An English cricket team sponsored by Marylebone Cricket Club (MCC) visited Pakistan from December 1955 to February 1956 and played fourteen first-class matches including four against the Pakistan national cricket team.

==The team==

- Donald Carr (captain)
- Ken Barrington
- Brian Close
- Michael Cowan
- Tony Lock
- Alan Moss
- Jim Parks
- Peter Richardson
- Peter Sainsbury
- Harold Stephenson
- Billy Sutcliffe
- Roy Swetman
- Ian Thomson
- Fred Titmus
- Maurice Tompkin
- Allan Watkins

Thomson was not in the original team.

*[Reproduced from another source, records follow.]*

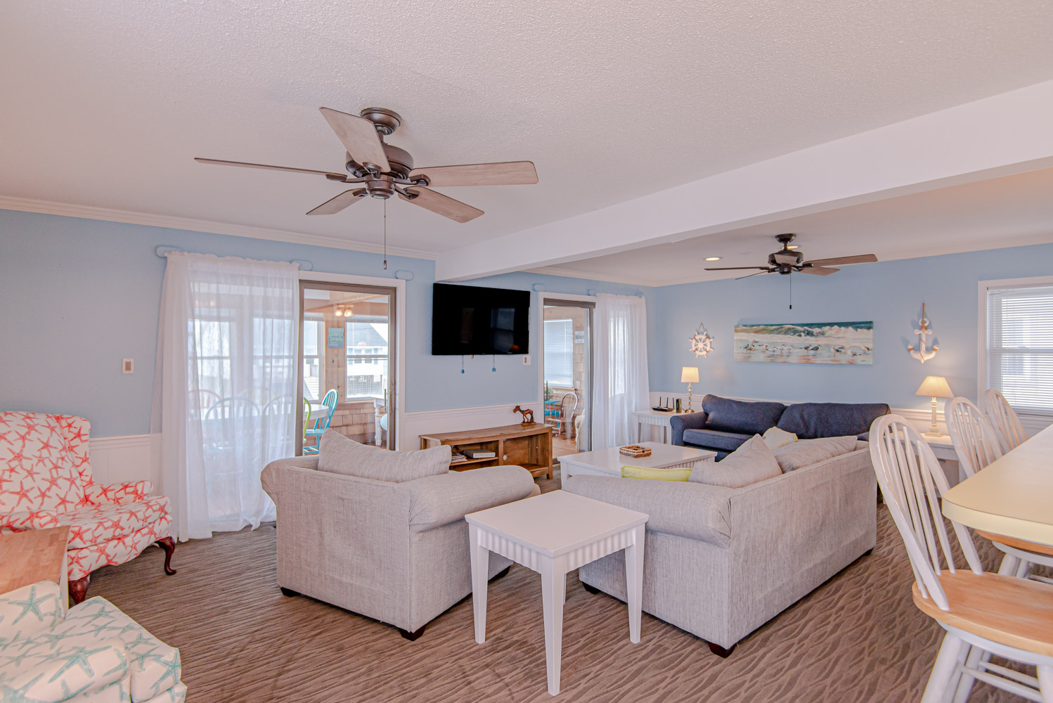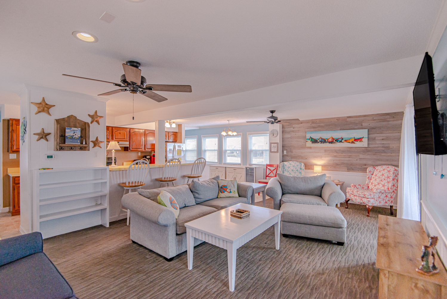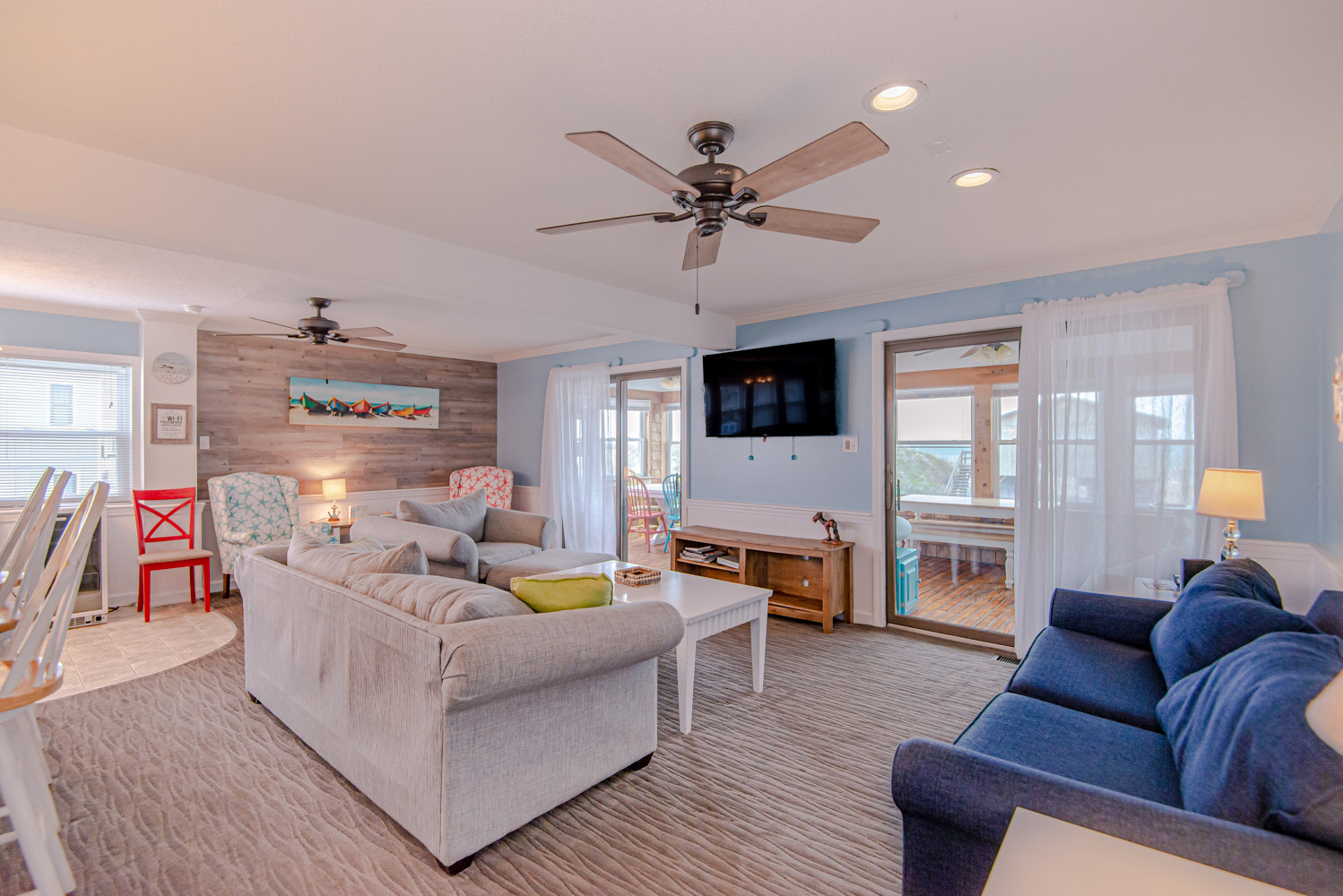 Mid Level: Living/Dining/Kitchen Area, Large Flat Panel TV, Sun Room, Ocean Views, 2 Bedrooms (1 w/Queen, TV, & DVD & 1 w/2 Singles, TV, & DVD), Full Bath, & Sun Deck.
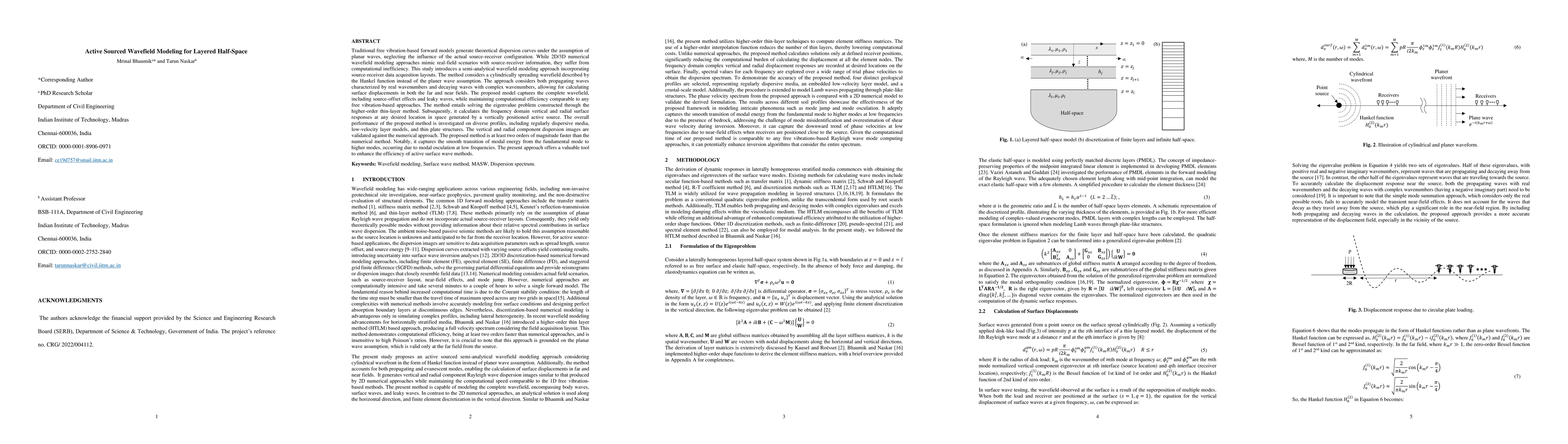 This paper proposes a semi-analytical wavefield modeling approach for layered half-spaces that incorporates source-receiver configurations, improving upon traditional free vibration models. It efficiently calculates surface displacements while capturing source-offset effects and leaky waves, validated against numerical methods and showing significant speed improvements.
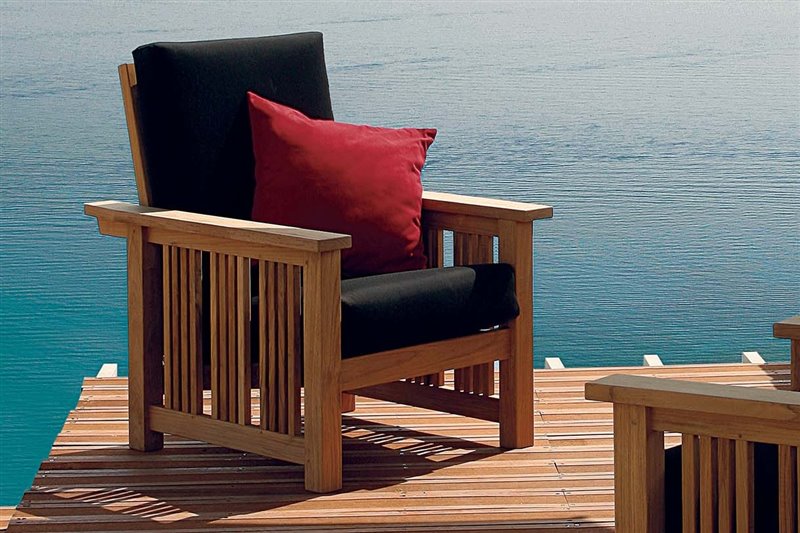 Teaková kolekce Mission značky Barlow Tyrie. Kolekce obsahuje nízké polohovací křeslo, podnožku a konferenční stolek. Konferenční stolek je celoteakový, nízký nábytek kombinuje teakové dřevo a Sunbrellu (venkovní textílii). Lze volit mezi promokavými a nepromokavými polstry a vybírat ze širokého barevného vzorníku.
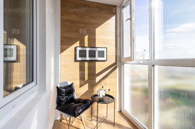 Небольшая лоджия в квартире с уютным креслом и журнальным столиком
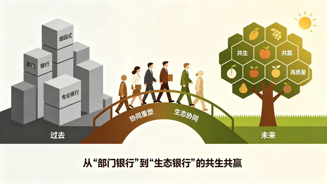 唯有以机制建设筑牢协同的硬骨架,以文化浸润激活协同的软实力,才能真正把分散的牌照优势、专业能力、队伍资源、渠道网络,整合为不可复制的综合服务优势,完成从“部门银行”“专业银行”到“生态银行”的根本转型,最终在同质化内卷中走出一条内涵式、综合化、高质量发展的差异化之路,实现与客户、与实体经济的共生共赢。
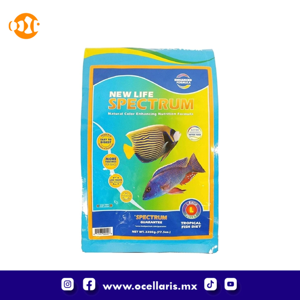 Esta dieta diaria multiusos original New Life Spectrum es para una amplia variedad de peces de acuario tropical. Incluye la fórmula principal de alta densidad Spectrum Nutrition. Para peces de agua dulce y marinos. Formulada para mejorar la salud y el color de sus compañeros de acuario, incluso ayudando a revertir la erosión de la cabeza, las aletas y la línea lateral relacionada con la desnutrición. Este alimento tiene proteínas marinas de alta calidad y fácil digestión (como krill antártico entero y calamar), algas y algas marinas (incluyendo espirulina, kelp y clorella). Hay flotabilidad negativa (la mayoría de los pellets se hundirán). Mejora naturalmente el color de sus peces sin hormonas añadidas. Sin colorantes, sabores ni conservantes artificiales. Incluye ajo para la salud del sistema inmunológico. Pellets de 3 mm - 3,5 mm. La mayoría de los pellets se hundirán (alta densidad). 2200 gramos.
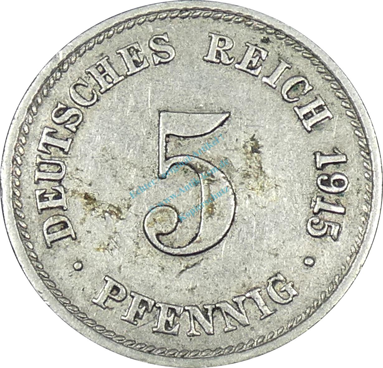 5 Pfennig Kursmünze -gr. Adler- 1915 G -deutsches Kaiserreich- ss-vz J.12 -0896-

He replaced the injured Cowan midway through the tour.

==Pakistan v MCC series summary==
- 1st match at Bagh-e-Jinnah, Lahore – match drawn
- 2nd match at Dacca Stadium, Dacca – Pakistan won by innings and 10 runs
- 3rd match at Arbab Niaz Stadium, Peshawar – Pakistan won by 7 wickets
- 4th match at National Stadium, Karachi – MCC won by 2 wickets

==Idrees Baig incident==
On the third evening of the match against Pakistan in Peshawar, some of the English players, fed up with what they regarded as the Pakistani umpire Idrees Baig's pomposity on the field and his bias in favour of Pakistan, kidnapped him, took him back to their hotel and tipped a bucket of water over him. The incident caused outrage in Pakistan and almost led to the abandonment of the tour, but diplomacy by the MCC president, Lord Alexander, and Iskander Mirza, the president of the Board of Control for Cricket in Pakistan, smoothed things over sufficiently to allow the tour to continue.